→ **EXERCISE OBJECTIVE**:
Your copy of the entries below should hold exactly the lines from the one containing "5月29日,在陽谷駱駝巷村麥" to the one containing "Front: AVRICOURT. - Gare", inclusive, and no pictures.

→ **Records from a data collection**:
☆ ☆ ☆ ☆ ☆
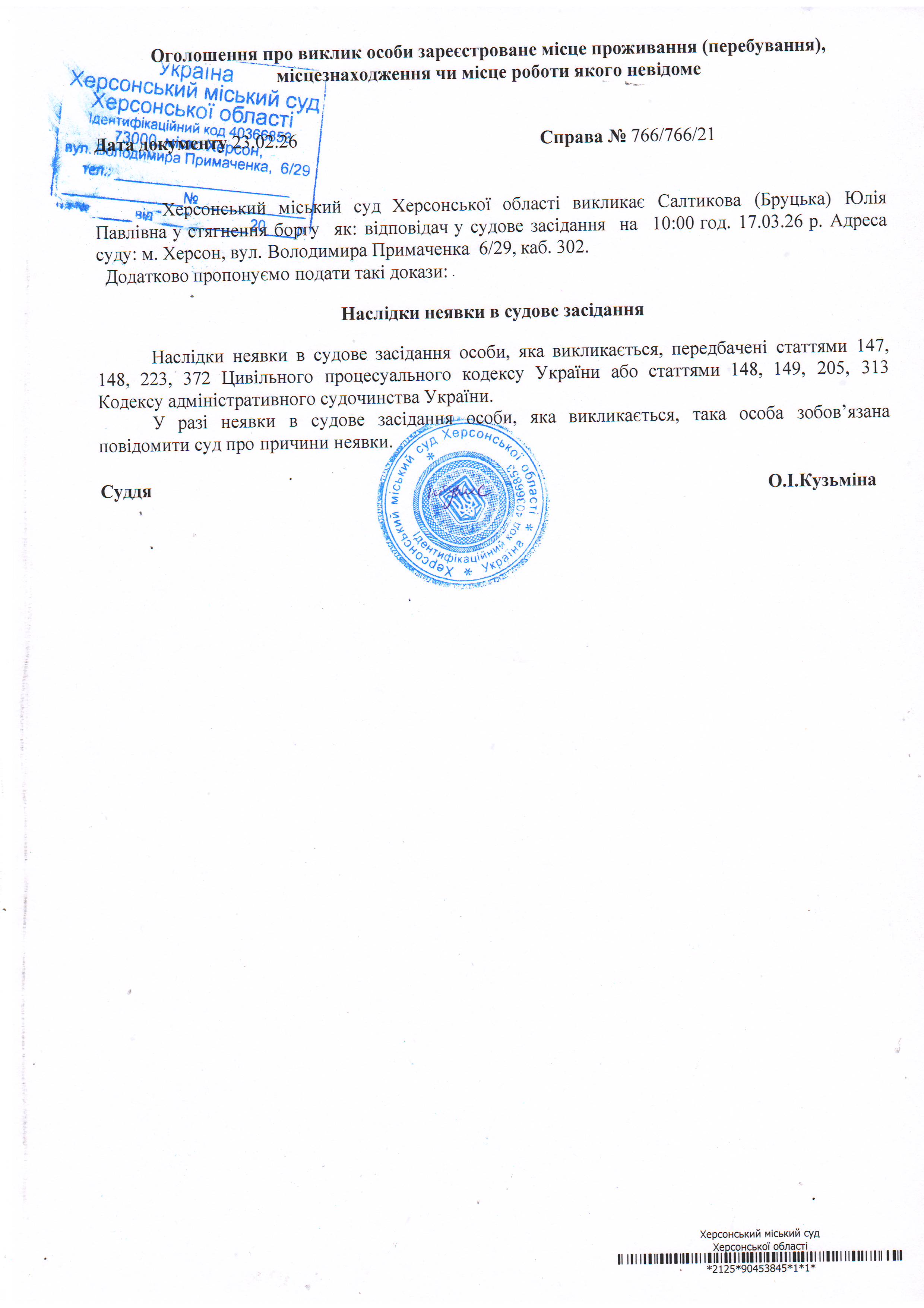 ОГОЛОШЕННЯ ПРО ВИКЛИК ДО СУДУ
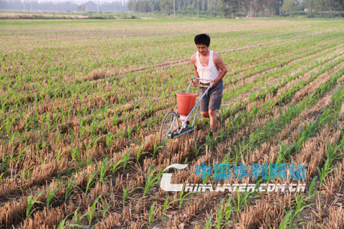 5月29日,在陽谷駱駝巷村麥田里地頭上,兩位婦女開始在麥田中套種玉米,她們一邊勞動,一邊聊著天氣旱情。有對豐收的喜悅,也對眼前的旱情懷有絲絲憂慮。
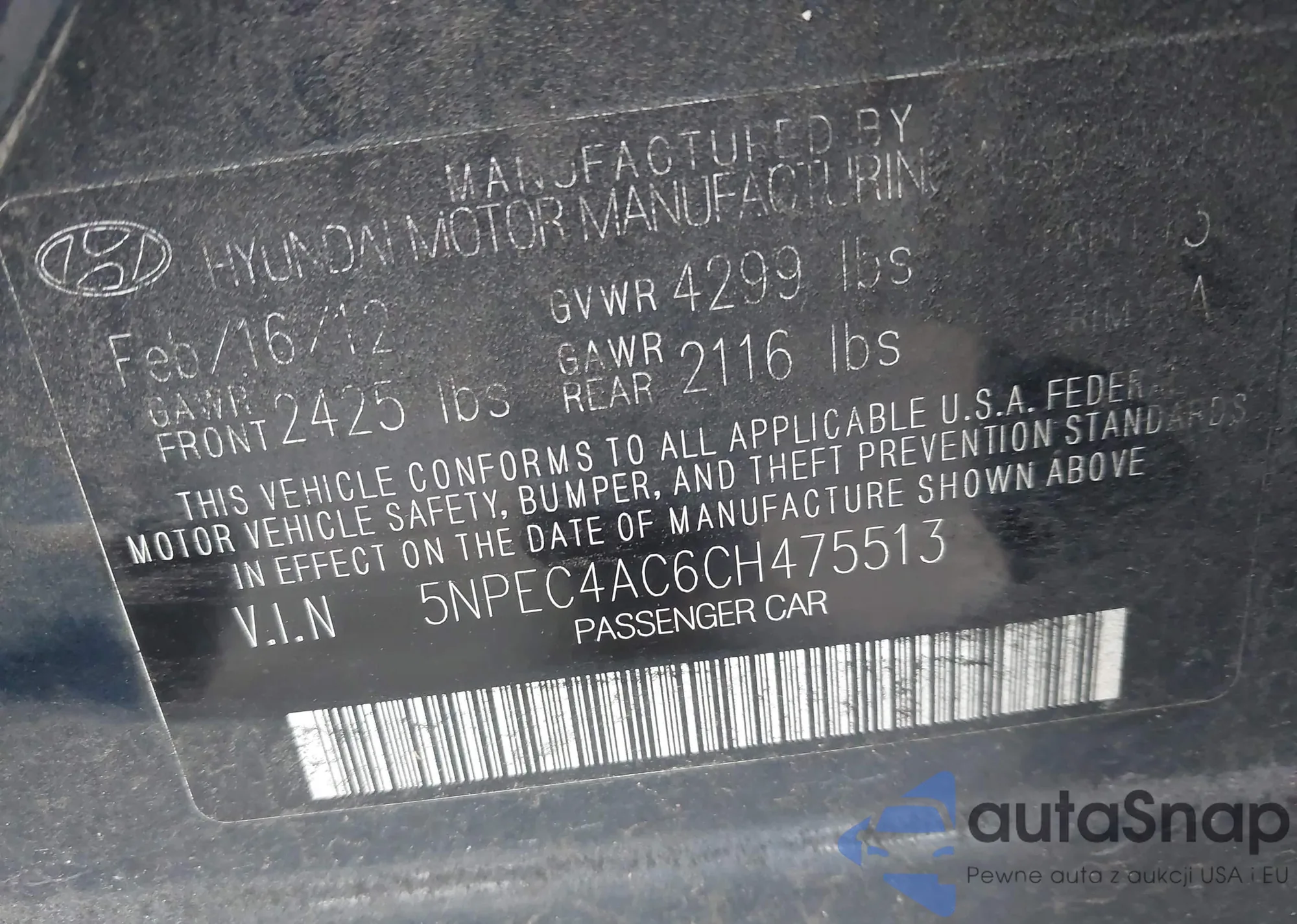 VIN: 5NPEC4AC6CH475513
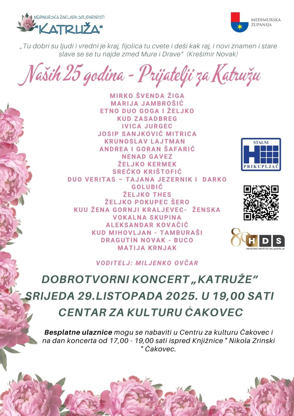 Međimurska zaklada solidarnosti Katruža slavi 25 godina humanog djelovanja što je povod dobrotvornoj glazbenoj priredbi u Centru za kulturu Čakovec, koju Međimurska županija i njezina Zaklada priređuju u srijedu, 29. listopada 2025., od 19 sati.
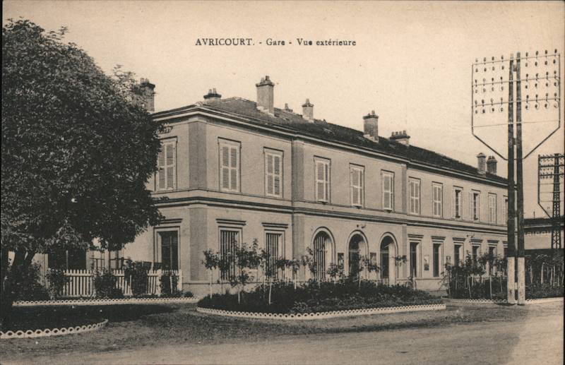 Front: AVRICOURT. - Gare Vue extérieure BA RICOU Back: IGNEY-AVRICOURT urainf 34 Fery Ph ſimater Ent 9. ilway ****** Qoût 1984 Rineez roues عوام 1
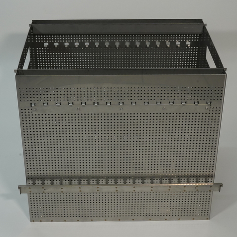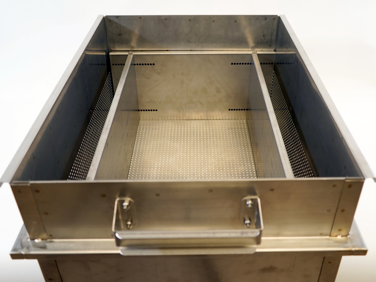 Siebkorb D4Es kann Entdeckelungswachs und es können Rähmchen hängend oder auf den Seitenteilen stehend aus-geschmolzen werden. Unter den Rähmchen ist ein grobes Gitter auf dem die Rähmchen stehen. Darunter ist ein Freiraum in dem das aus den Rähmchen gefallene weiche Wachs-Honiggemisch vollständig ausgeschmolzen wird, während oben bereits eine weitere Serie Rähmchen eingestellt wurde und aufgeschmolzen wird.
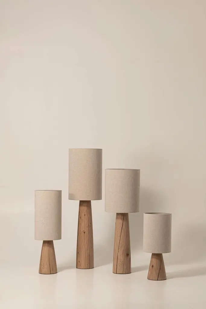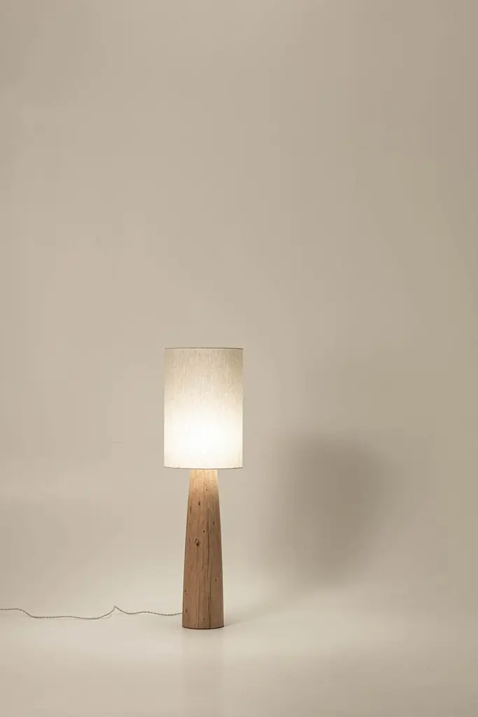 Laps FL4L lamp by Jeroen De Ruddere.Dimensions: D 33 x H 120 cm.Cord lenght: 175 cm.Dimmable: Yes.Materials: Oak Brutal nature and textile.All pieces are CE certified.Each lamp is handmade so the measurements may differ minimally.
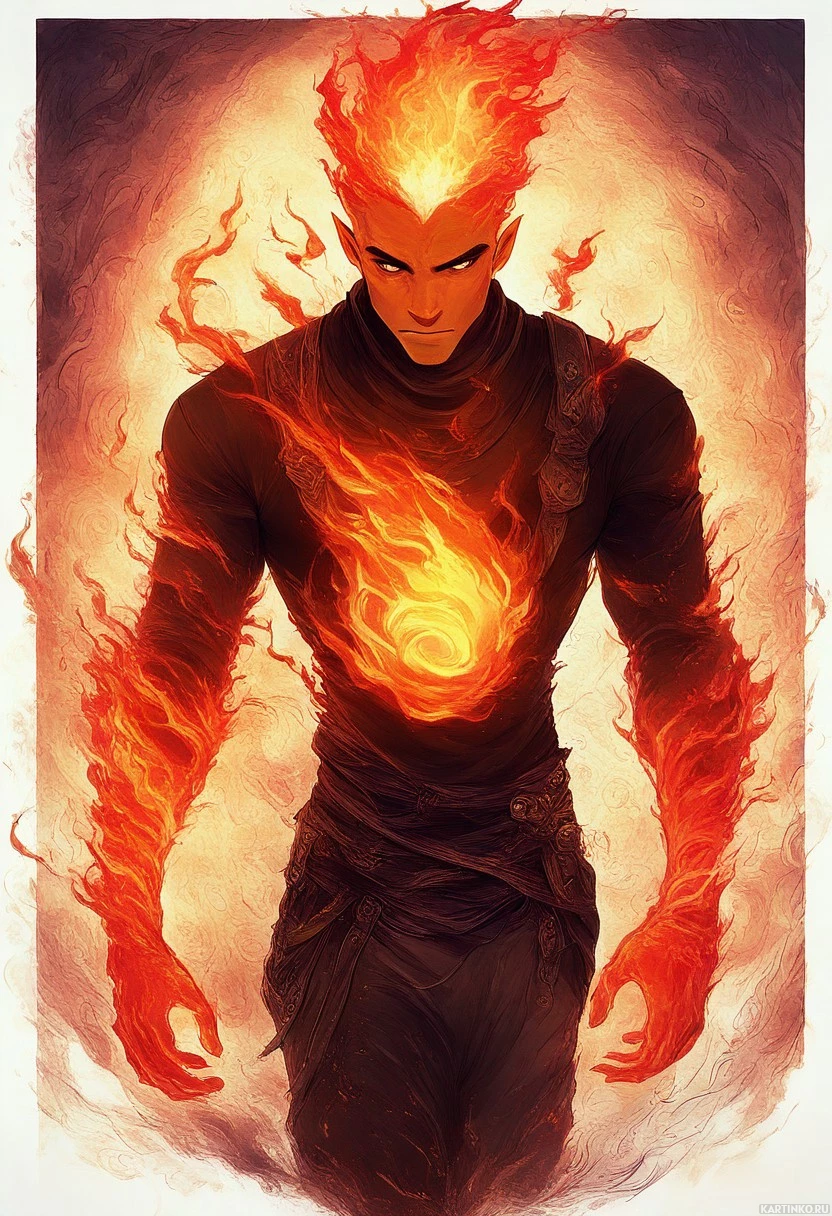 the vibrant orange and yellow flames that surround him, which seem to be an integral part of his being. The flames are depicted as swirling tendrils of fire that dance around his body, creating a sense of
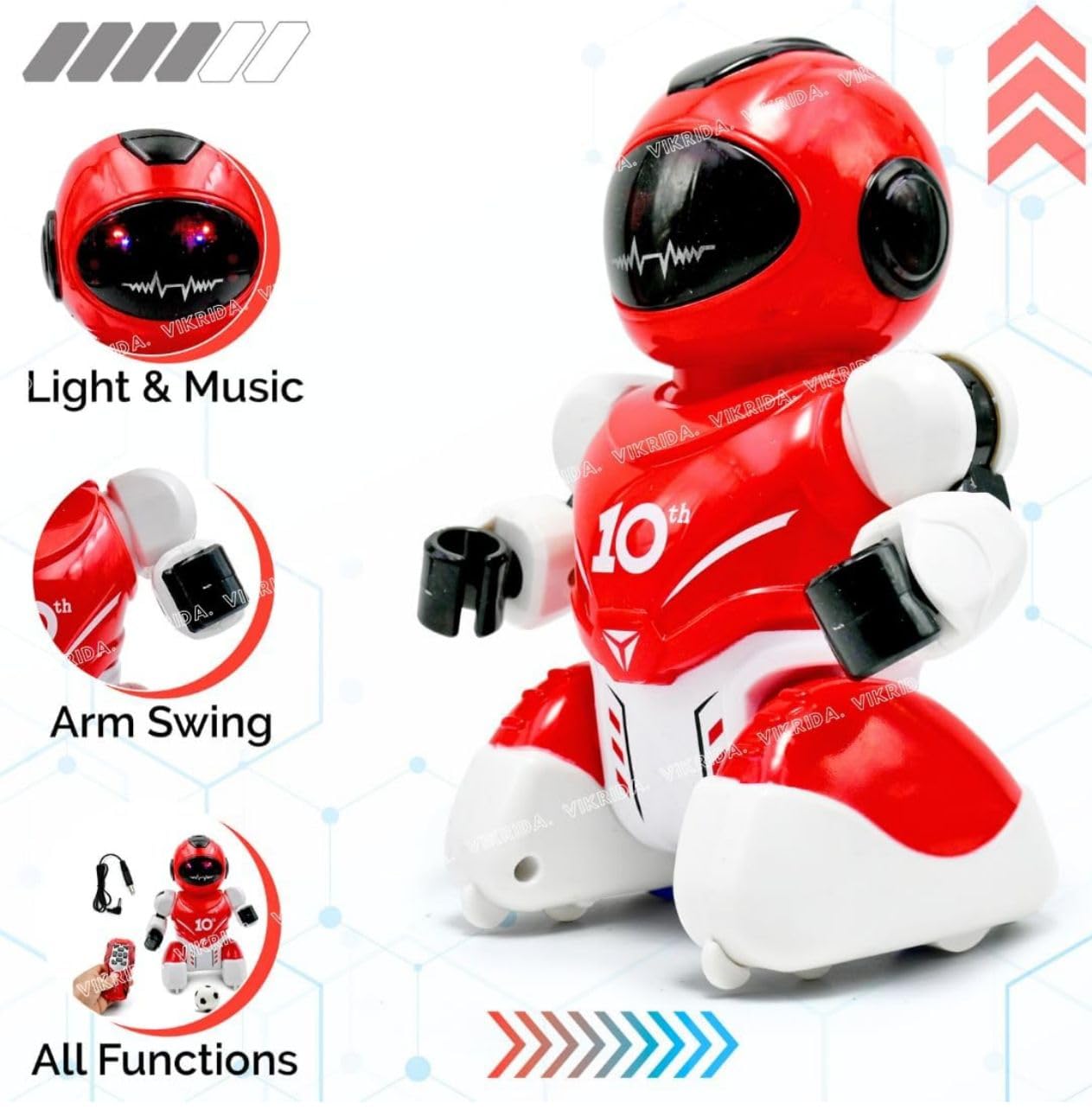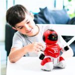 - INTERACTIVE DESIGN: Remote-controlled robot with LED eyes and sleek red-white design features soccer playing capabilities for engaging gameplay
☆ ☆ ☆ ☆ ☆
→ **EXERCISE OUTPUT**:
 5月29日,在陽谷駱駝巷村麥田里地頭上,兩位婦女開始在麥田中套種玉米,她們一邊勞動,一邊聊著天氣旱情。有對豐收的喜悅,也對眼前的旱情懷有絲絲憂慮。
 VIN: 5NPEC4AC6CH475513
 Međimurska zaklada solidarnosti Katruža slavi 25 godina humanog djelovanja što je povod dobrotvornoj glazbenoj priredbi u Centru za kulturu Čakovec, koju Međimurska županija i njezina Zaklada priređuju u srijedu, 29. listopada 2025., od 19 sati.
 Front: AVRICOURT. - Gare Vue extérieure BA RICOU Back: IGNEY-AVRICOURT urainf 34 Fery Ph ſimater Ent 9. ilway ****** Qoût 1984 Rineez roues عوام 1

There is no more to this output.